Polyphosphates constitute a wide variety of compounds that have beneficial effects on oral health, the most effective of these are the hexametaphosphates, tripolyphosphates and pyrophosphates and may be attached with an alkali metal, alkaline metal, ammonium or a salt. Sodium tripolyphosphates as an example, are able to bind directly to the enamel as well as the mineralized sections of the teeth where it takes up the binding sites for calcium to attach, and interacts with calcium already bonded to enamel, to prevent it being able to form crystals. Calcium mixed in the saliva can also be bound by sodium tripolyphosphates thus further preventing crystal formation. Sodium tripolyphosphates are also beneficial for stain prevention, and can be broken down in the digestive tract and provide a source of phosphorus and allows the undeposited calcium to be available for whole body metabolism.

Zinc compounds, more specifically zinc ascorbate, also play a role in preventing plaque accumulation due to antimicrobial activity. Zinc salts inhibit bacterial growth by binding to sulfur to control plaque formation, as well as reduce foul oral odours. However, research has only been performed on cats, so the same evidence may not be directly applicable to dogs.

Chlorhexidine is another example of a non-specific antimicrobial agent. It acts by disrupting bacterial deposition and plaque formation on the teeth, further assisting in reducing gingivitis. Chlorhexidine can also reduce the amount of pre-existing plaque. Chlorhexidine is generally found on products such as dental chews or oral rinses and may not be suitable for use in a long-term diet as prolonged use may lead to staining of the teeth and tongue, and change the taste of the food.

Such components of the diet may help prevent plaque accumulation, thus reducing the overall inflammatory state of periodontal disease in dogs.

== Physical characteristics of kibble ==
The physical characteristics of dental kibble are very important as they contribute to the mechanical cleaning of the tooth's surface. The kibble need to be large and very dense to promote chewing, as more time spent chewing will aid in the decrease of accumulation of plaque, tartar and calculus. When the kibble is being chewed, the broken pieces rub against the tooth's surface and scrape off the buildup of bacteria that forms the tartar, plaque and calculus.
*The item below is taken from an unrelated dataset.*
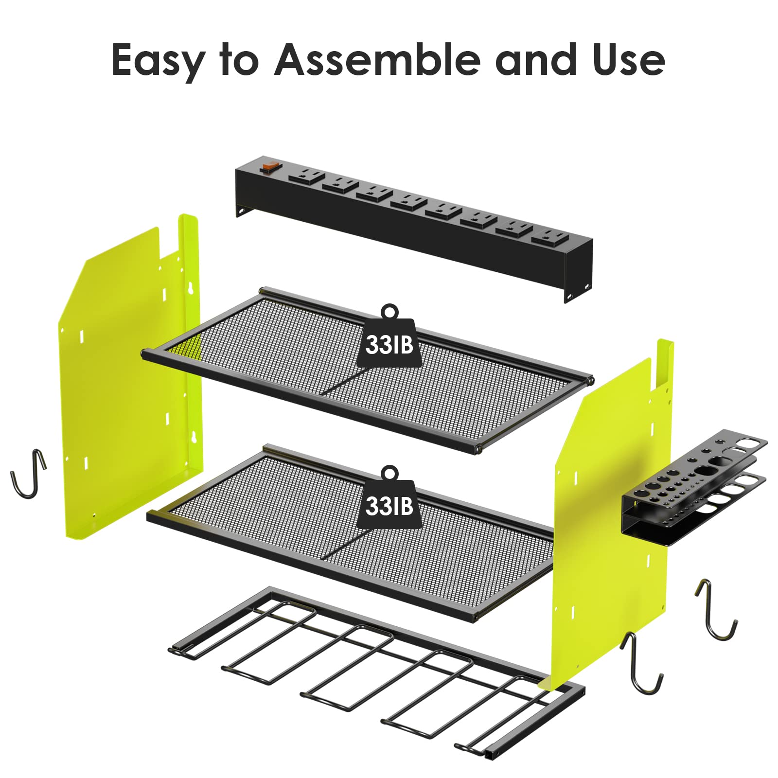 Wall mount power tools organizer come with 4 slots, 4 hooks and drill bit rack, built-in power strip, double layer structure can keep rechargeable tools organized in the work area and save your bench space. The tools in the picture are for demonstration purposes only and are not included.

Ingredients that have an adequate amount of carbohydrates and are high in insoluble fibers (typically around 10%), such as soy fiber, wheat bran fiber or cellulose fiber, are added to increase the density of the kibble to assure it does not easily crumble and promotes a texture favourable to scraping of the tooth. Increasing the diameter will also significantly reduce the accumulation of plaque and calculus compared to traditional dog food as it will require more chewing by the molars. Traditional hard kibble will not have the same effects on oral health as it has been proven that the increase in fiber and diameter is what provides those benefits in the diet. A disadvantage is that the mechanical cleansing is more beneficial for the molars compared to the incisors and canines. The incisors and canines are typically used for grabbing and tearing, whereas the molars are used for crushing and chewing, so most of the contact with the broken kibble is in the back of the mouth. The physical characteristics and chemical agents of the kibble work together to delay the buildup of plaque, and are both equally important to the cleansing of the dog's teeth.
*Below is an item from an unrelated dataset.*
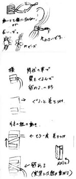 髪留め・チョーカー チョーカーはある2つの理由から、普段は絶対に外さない。 チョーカーは光沢のある布っぽいもの。 チョーカーにある模様は鈍い緑色。 金属の糸も編まれてます。厚さは季節に合わせて何種類かある。 身につけている理由は其々別にあり。つけている部分は首、左二の腕、左太もも。 太もも、二の腕のものは、首の物と違って少し分厚い。完全に金属製っぽい。断面はかまぼこ型。腕輪。 太ももや二の腕にある飾りは、チョーカーと同じ布に近い物も一応は持っている。 ⇒Click 髪留め紐 / 紐 / 紐・髪留め 革紐とビーズ(硝子・木製)で出来ている。 ベルトと同じ色の革紐。 ⇒Click ネックレス? 細長く、アクセサリーとしては変な位置に貴石のはまったチャーム付き。 本体、鎖は銀製。鎖の長さは、つけて前かがみになるとテーブルにつく程度の長さ。 5センチほどの長さの、側面角が丸みを帯びた四角い棒状。 上部には鎖を通す正方形の穴が側面に通っている。 上辺部分と表面上部に小さな石がはまっている。 ⇒Click ネックレス(参照:贈り物) 首につけてなくても、ベルト通しに結んでポケットに入れたりして持ち歩いてる。 ルイトが作ったもの。ある方とおそろい。 普段は主に服の下につけている。傷つける可能性がある場合は鞄や箱にしまってある。 ノートとメモ 勉強をするということでノートを購入。一緒に買ったメモは一回り小さめ。 それまでは余った紙などにメモしていた様子。 ⇒Click ショール 宿の女性達から誕生日に送られたもの。 月白色■をしているらしい。 夏場の防寒着などとして使っている。 冬用帽子:左下 宿の男性達から誕生日に送られたもの。 ふわふわの帽子に飾りと羽根がついている。 鞄:肩掛け鞄

== Veterinary Oral Health Council ==
The Veterinary Oral Health Council (VOHC) is operated by the American Veterinary Dental College and provides a Seal of Acceptance to diets, treats, chews, water additives and other formulations and products that have been formulated specifically for dental health. They must have clinical evidence to mitigate the effects of periodontal disease in accordance to their standards and protocols to the alleged claims of plaque and/or tartar control.

Trials are not conducted by the VOHC itself, but by the companies applying for the Seal and must follow strict protocols and guidelines to minimize error and bias between trials. Trials are also specific to either tartar or plaque claims. The Seal is recognized by various veterinary dental associations worldwide.